Futures Forum: Skypark and “authoritarian high modernism”
Futures Forum: Skypark: the current reality on site is not quite the same as computer-generated publicity...
Apparently this technology is quite the rage, as pointed out at the Building Design website today:
Every picture tells a (tall) story
BD columnist Gillian Darley on the sleights of hand CGIs create
How do we envisage buildings – before, during and after their construction?
The options were once confined to perspectives and models, the latter allowing the client to fully understand (and potentially alter) the scheme. True, even perspectives could be misleading, whether in scale or detail – always to the advantage of the architect. By the early 20th century graphics had become more sophisticated; cleverly edited photographs and elaborate axonometric renderings served the modernists well.

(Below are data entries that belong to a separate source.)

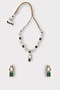 White Finish Faux Diamond & Emerald Stone Enameled Necklace Set
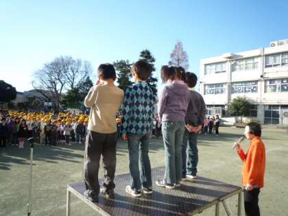 2年生の4人がとても上手に、全校の前でスピーチをしました。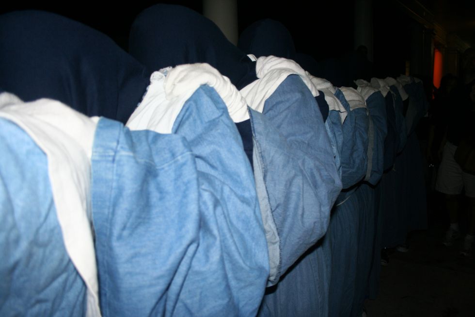 3. What secret societies? There are two secret societies on campus, Chi and Princeps. Chi holds another big tradition at Longwood: Chi walks. The date and place of these walks are unknown until the day of, but they're always held at midnight. The members of Chi wear long, blue robes with hoods and walk in a single file line with their heads down while singing their anthem. No one really knows much about these societies (unless they're a member), but everyone wants to find a Chi dropping and receive a paper/wooden seven from Princeps.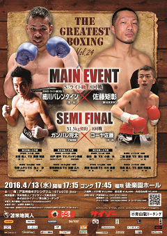セミでは熱いファイトでホールを沸せるガンバレ将太(戸髙秀樹)がコーヤ佐藤(伴流)と51.5キロ契約8回戦。将太(11勝2KO6敗1分)は昨年12月、長井一(ワタナベ)と対戦して初回にダウンを奪いながら、直後に倒されて初回逆転KO負け。悪夢を振り払う再起戦となります。プロ初黒星から3連敗中の佐藤(7勝1KO3敗1分)は再浮上を狙います。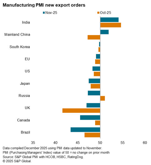 On the other hand, Brazil and Canada recorded the steepest downturns in goods trade midway through the fourth quarter. In Brazil, the pace at which external orders fell was the sharpest since June, with tariffs impact being especially widely reported upon orders from the US. Likewise for Canadian manufacturers, tariffs reportedly dampened new export orders from the US resulting in a tenth successive monthly reduction in overall export orders.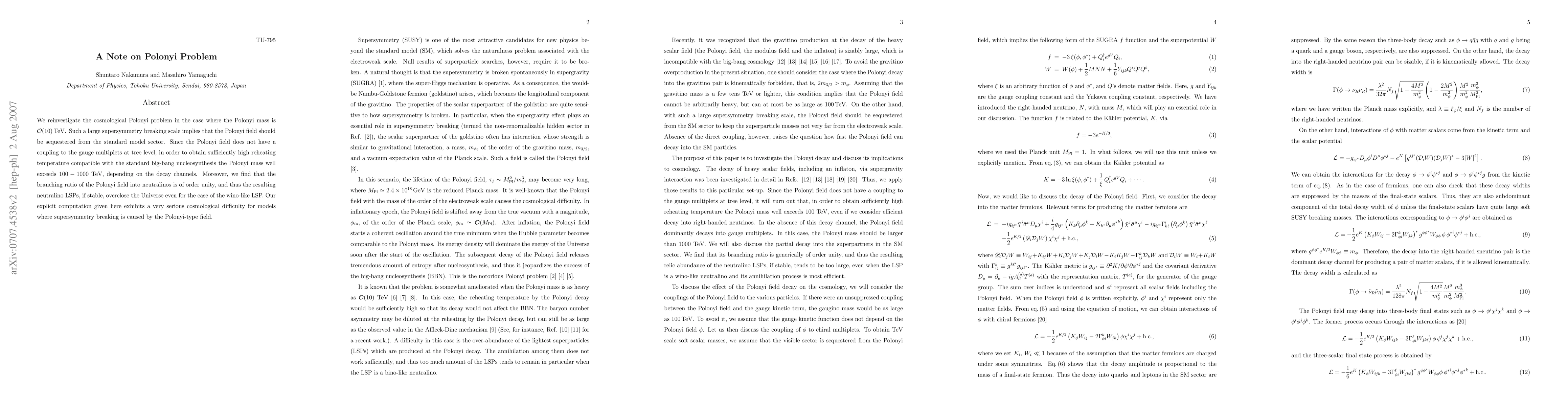 The paper presents a detailed analysis of Polonyi field decay channels and their cosmological consequences, providing a comprehensive examination of the Polonyi problem in supersymmetric models.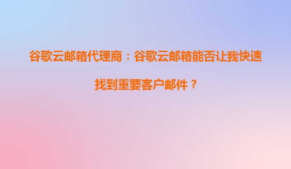 2025-10-02谷歌云郵箱代理商:谷歌云郵箱能否讓我快速找到重要客戶郵件? 一、谷歌云郵箱的核心優(yōu)勢 谷歌云郵箱(GmailforBusiness)作為企業(yè)級郵件解決方案,依托谷歌強大的云計算基礎設施,具備以下核心優(yōu)勢: ...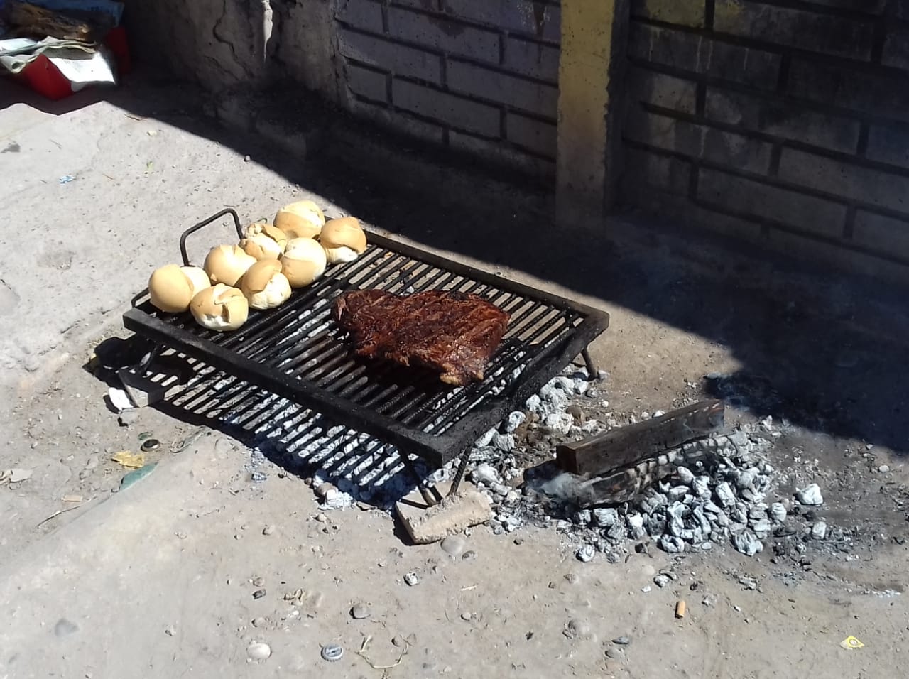 Muchos grupos de amigos eligieron almorzar en la vereda, pero no por eso se privaron del asadito del domingo.
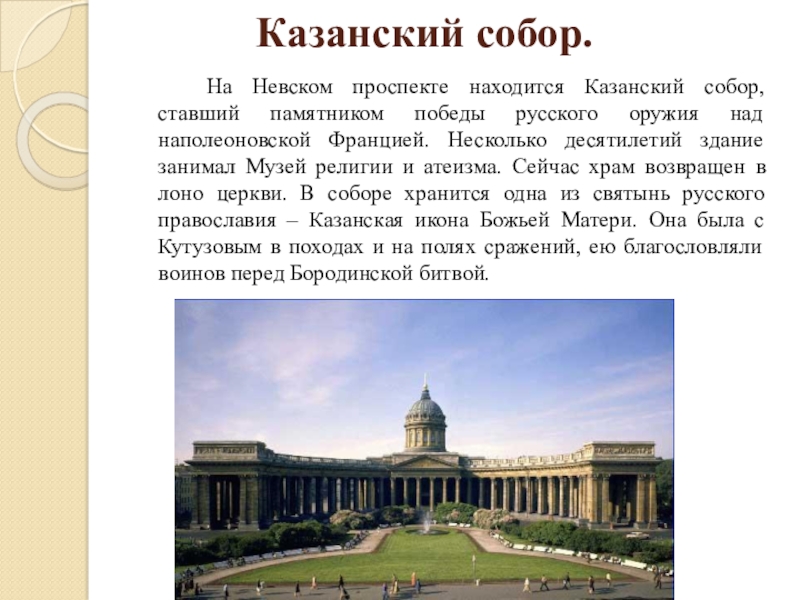 оружия над наполеоновской Францией. Несколько десятилетий здание занимал Музей религии и атеизма. Сейчас храм возвращен в лоно церкви. В соборе хранится одна из святынь русского православия – Казанская икона Божьей Матери. Она была с Кутузовым в походах и на полях сражений, ею благословляли воинов перед Бородинской битвой.

But the means by which a design is conveyed becomes ever more sophisticated, ever more an end in itself, with all those possibilities for misunderstanding or, at worst, misrepresentation.
In local authority offices and online, planners and consultees are faced by an array of imagery, the way developers and architects of large-scale projects now present their schemes. Many a contentious proposal has shimmied through the planning process (and on to the sales office) on the back of a series of CGIs, gleaming evocations that are liable to be slight on detail and heavy on seductive gleam. That bubble of wafer-thin glass fixed with gossamer wires may turn out to be an elephantine affair of multi-layered glazing slotted into hefty fixings. But it is the fairy-tale CGIs that will adorn the brochures and become an alternative reality for the duration of the marketing (or fund-raising) programme.
In contrast, advanced digital imagery, 3D modelling, fly-throughs and their progeny are gifts to the exhibition designer with a generous budget. Fifteen years ago John Soane’s Bank of England was evoked at the Royal Academy by clunky (but still impressive for its time) computer modelling. At the current Louis Kahn exhibition at the Design Museum, his posthumous Roosevelt Island landscape scheme in Manhattan is illustrated by time-lapse film – the ideal medium to convey a subtle landscape scheme from practical inception to final fruition.
Other options push the limits of perception further. Charlotte Higgins’ recent Guardian essay on the BBC’s future includes a description of the Oculus Rift, under development. It’s a headset which provides a 360-degree view (a kind of individual IMAX plus). She was taken round a Tuscan villa, only to get motion sickness. But the BBC envisages it for walk-through concerts, in which viewers meet the various members of the orchestra – unsettling for the players as that might be.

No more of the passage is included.